Parents are their children’s best advocates, and if there’s one thing I’ve learned in my 30 years at Children’s National, it’s that you always need to listen to what a parent is trying to tell you. They know their child best, and should be included as an active part of the care team. Truly great doctors and truly great hospitals are listeners. They’re taking all possible information in and then coming up with solutions together. There’s so much value a parent’s intuition and what they know about their child, it can add critical detail about the care to deliver.
What are some ways you see health IT advancing pediatric care in the future?
Technology can improve access to the care that families need, when they need it. Telemedicine is one example: we can connect pediatric psychiatrists and psychologists, for example, to patients in remote or underserved areas where these pediatric experts aren’t nearby to provide care and consultation, even when we can’t physically be in the room with them.
Another thing we do need to do better – and I think this is something that we’re working on in the Bear Institute – is to change how doctors and nurses work with electronic health records, to make sure the digital workflow helps them accomplish their tasks, not adds to their workload. It’s exciting to be part of an institute where people come together with great ideas and continually solve problems just like this.
One of our trauma doctors came to me and pointed out one specific challenge during pediatric resuscitation in the emergency department. The right team is there, and everyone is focused on the sick child and doing the right thing. But it was really hard to focus on doing the right thing and documenting everything at the same time. So the Bear Institute developed an application for our emergency department: a trauma app that takes the entire nursing documentation workflow and digitizes it.
The app allows the team to focus on getting the best outcome for the child, without worry that critical information is getting lost. Even better, later, the team can look back at what happened in the heat of the moment to identify how to get better for the next trauma.
There are so many new ideas out there now--things we didn’t think were possible a few years ago--like breakthroughs in immunotherapy and robotics.

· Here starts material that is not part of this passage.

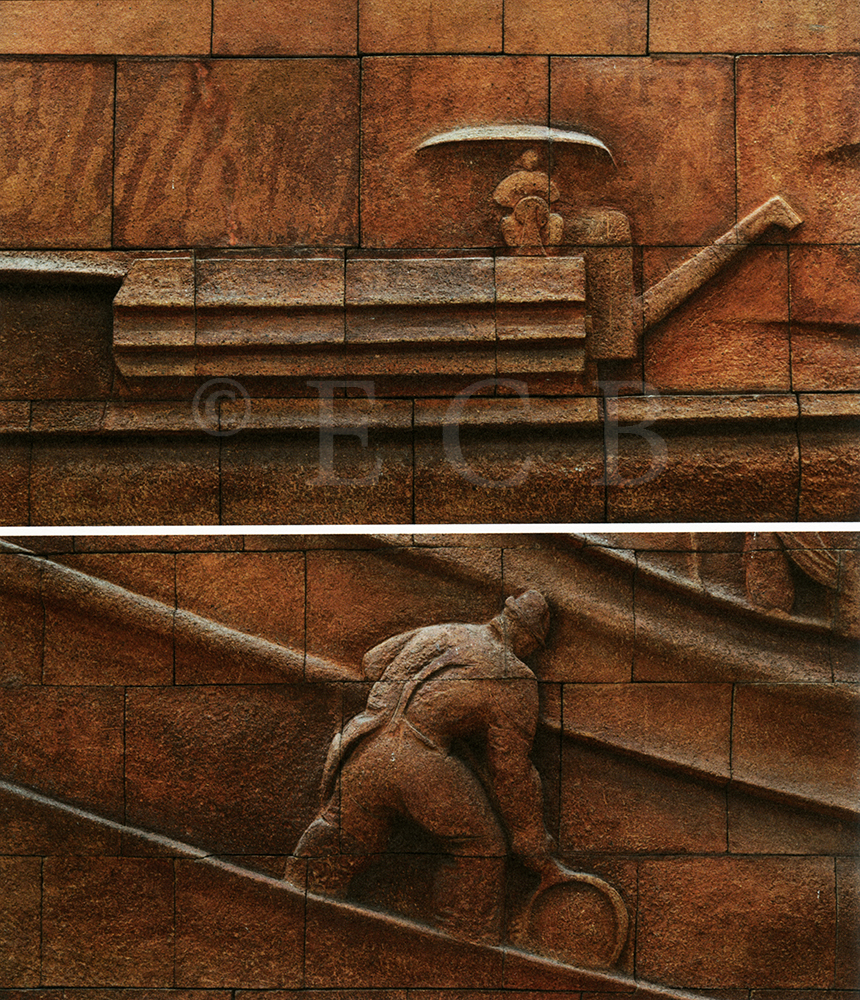 V období 1948—1989 se plastika výrazně uplatnila také v rámci interiérů nově vzniklých veřejných budov. Bohumil Dobiáš ml. (1929—2001) vytvořil keramický reliéf Les pro hotel Gomel a keramický reliéf Proměny socialistického zemědělství (1974) pro 2. poschodí Muzea dělnického revolučního hnutí (Jihočeská vědecká knihovna), kde se nachází také skleněná plastika Sklářství od Josefa Soukupa (1919—2004) a bratří Vladimíra (1925—1998) a Zdeňka (1930—2020) Kepkových. O poschodí níže se nachází dřevěný reliéf (1975) sochaře a keramika Václava Markupa (1904—1995). Ve spojení s architekturou realizoval svá díla také keramik A. Škoda. Výše uvedená díla však tvoří pouhý zlomek z plastik, která byla vytvořena mezi léty 1948—1989 pro veřejná prostranství či průčelí a interiéry veřejných budov a která v souvislosti s přestavbami celých lokalit či jednotlivých budov postupně mizí.

These ideas moved so fast, some of them are already becoming part of our daily practice. I think we’re going to see even more of this in the next couple of decades, especially in pediatric medicine.
Since Children’s National was founded 150 years ago, we’ve always been the first in line to care for every kid who needs our help. We’re still doing that, but we’re also working to create better tools, more science, and more technology to help us do it better. At the heart, it’s the same passion and mission as it was 150 years ago: to help kids grow up stronger, no matter what.